A good place to start is the slogan of the canceled rally: White Lives Matter. This is true, of course, but why say that? Obviously it is meant as a response to Black Lives Matter, which was followed by All Lives Matter and now White Lives Matter. If one takes these three slogans simply as independent moral propositions, they are fully consistent with each other and are all true. But consider them now in sequence and in context.

Black Lives Matter was a response to a series of killings of black boys and men under circumstances that led many to question whether black lives were taken as seriously as white lives. The clear message was Black Lives Matter too. No one suggested that only black lives matter. On the contrary, black lives matter precisely because all lives matter.

But if all lives matter, what’s wrong with the slogan All Lives Matter? It appears to be true, relevant, and morally important.

The problem lies in the sequence. Black Lives Matter (Too) already assumes that all lives matter, so it makes no sense to respond that All Lives Matter. Instead, a response of All Lives Matter implicitly misinterprets or misrepresents Black Lives Matter as Only Black Lives Matter. At best, this misses the point. At worst, All Lives Matter willfully deflects attention from black lives just when we are being reminded that they matter.

Now we have White Lives Matter. This would be a reasonable response to Only Black Lives Matter or Not All Lives Matter. But following Black Lives Matter (Too) and All Lives Matter, why respond with White Lives Matter, which has not been questioned? In this context and sequence, the most obvious interpretation of White Lives Matter is Only White Lives Matter, which contradicts the previous slogans and thus adds something new.

Only White Lives Matter is the ideology of white supremacy, including Nazis, the Ku Klux Klan, and Vanguard America, whose slogan is “Blood and Soil.” These are the people who organized the armed rally in Charlottesville.

But we should not permit our concern about white supremacists to blind us to another, and perhaps more common, reading of White Lives Matter. For many, this is a claim that white lives matter too.

Many white people perceive themselves to be living in a world where groups of all sorts get affirmative action while white lives and struggles are ignored or dismissed. Some, without denying that black lives matter, may be sympathetic to, or at least interested in, White Lives Matter (Too). Banning a White Lives Matter rally reinforces their sense of group victimization.

So how should colleges respond to plans for a White Lives Matter rally? They can of course deny or cancel any event that is intended to be violent. But if the threat of violence arises from the possibility of potentially violent counterdemonstrators, then to cancel the event is to give in to a “heckler’s veto.”

Once it becomes clear that speech can be silenced by a sufficient show of likely violence, moreover, there may be threats to all sorts of speech deemed objectionable. The heckler’s veto may come back to haunt in unexpected scenarios.
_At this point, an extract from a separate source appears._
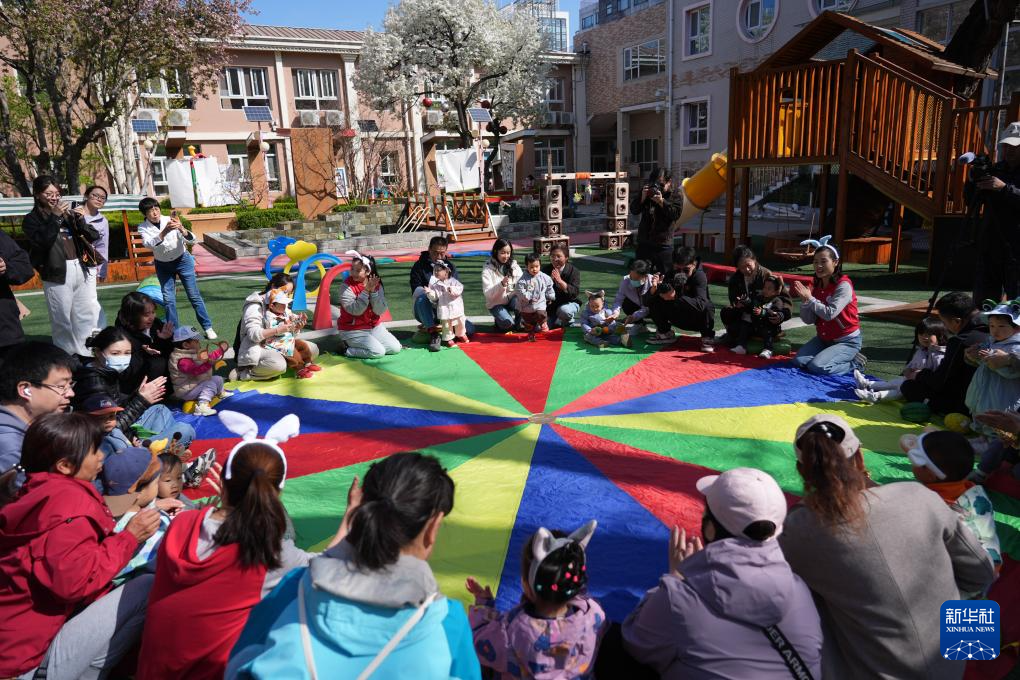 4月1日,在北京市第五幼儿园亲子托育活动现场,家长和孩子在老师引导下参加户外活动。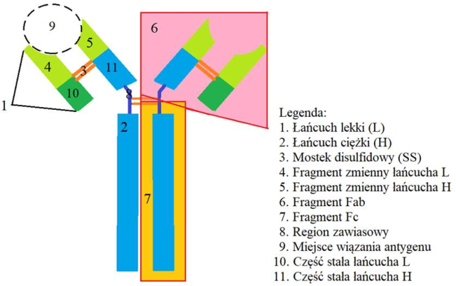 Przeciwciało zbudowane jest z dwóch łańcuchów lekkich oraz dwóch ciężkich, gdzie każdy łańcuch ciężki połączony jest z jednym łańcuchem lekki mostkiem disulfidowym. Oba łańcuchy zawierają części zmienne - fragmenty o innym składzie aminokwasowym niż reszta łańcucha. Fragmenty zmienne determinują swoistość przeciwciała względem danego antygenu, natomiast części stałe- klasyfikację przeciwciała do określonej klasy. Na szczycie fragmentów zmiennych L i H znajduje się miejsce, które wiąże specyficzny antygen. Region zawiasowy umożliwia rozchylanie się ramion przeciwciała. Fragmentem aktywnym biologicznie jest fragment Fc, natomiast fragment Fab odpowiada za wiązanie antygenu.

Ultimately, white supremacists may be among the most successful in shutting down events they dislike by mustering credible threats of violence.

Maintaining both physical safety and intellectual freedom for all may be the top challenge of the coming academic year. Regardless of who the heckler may be, the heckler’s veto must not prevail. Colleges must ensure they have plans, procedures, and sufficient security to protect controversial speech and those who wish to hear it. We cannot permit threats of force and fears of violence to dictate what can be said on college campuses.